# Material supplied
►
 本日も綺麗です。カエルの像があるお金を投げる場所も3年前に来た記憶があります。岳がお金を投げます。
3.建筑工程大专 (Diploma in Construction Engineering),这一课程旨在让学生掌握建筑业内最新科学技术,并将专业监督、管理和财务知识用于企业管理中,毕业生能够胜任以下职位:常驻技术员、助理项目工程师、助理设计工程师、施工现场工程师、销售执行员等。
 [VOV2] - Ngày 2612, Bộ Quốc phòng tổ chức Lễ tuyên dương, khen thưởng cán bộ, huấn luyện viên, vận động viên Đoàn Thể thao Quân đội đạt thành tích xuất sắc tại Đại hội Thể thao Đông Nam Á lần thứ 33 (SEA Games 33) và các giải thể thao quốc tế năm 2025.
◄
►
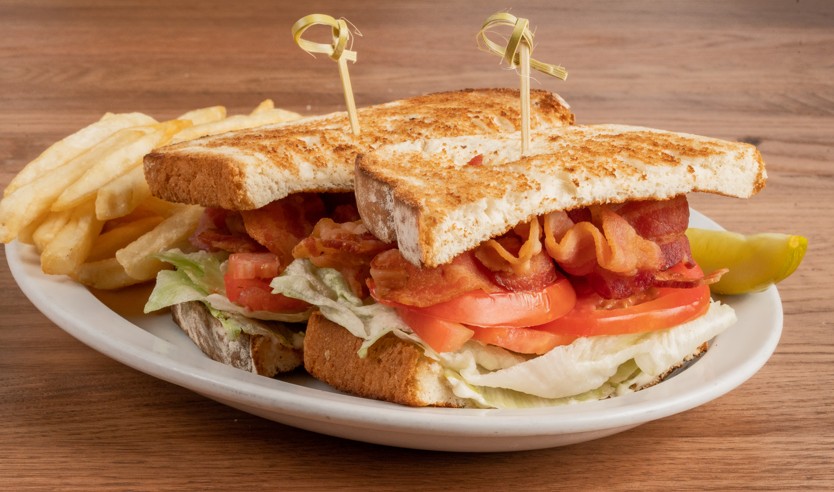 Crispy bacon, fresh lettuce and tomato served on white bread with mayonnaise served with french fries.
◄
# Exercise instructions
Which lines above run from the one containing "本日も綺麗です。カエルの像が" down to the one containing "[VOV2] - Ngày"? Repeat exactly those, both ends included, and nothing else.

# Result of this exercise
 本日も綺麗です。カエルの像があるお金を投げる場所も3年前に来た記憶があります。岳がお金を投げます。
3.建筑工程大专 (Diploma in Construction Engineering),这一课程旨在让学生掌握建筑业内最新科学技术,并将专业监督、管理和财务知识用于企业管理中,毕业生能够胜任以下职位:常驻技术员、助理项目工程师、助理设计工程师、施工现场工程师、销售执行员等。
 [VOV2] - Ngày 2612, Bộ Quốc phòng tổ chức Lễ tuyên dương, khen thưởng cán bộ, huấn luyện viên, vận động viên Đoàn Thể thao Quân đội đạt thành tích xuất sắc tại Đại hội Thể thao Đông Nam Á lần thứ 33 (SEA Games 33) và các giải thể thao quốc tế năm 2025.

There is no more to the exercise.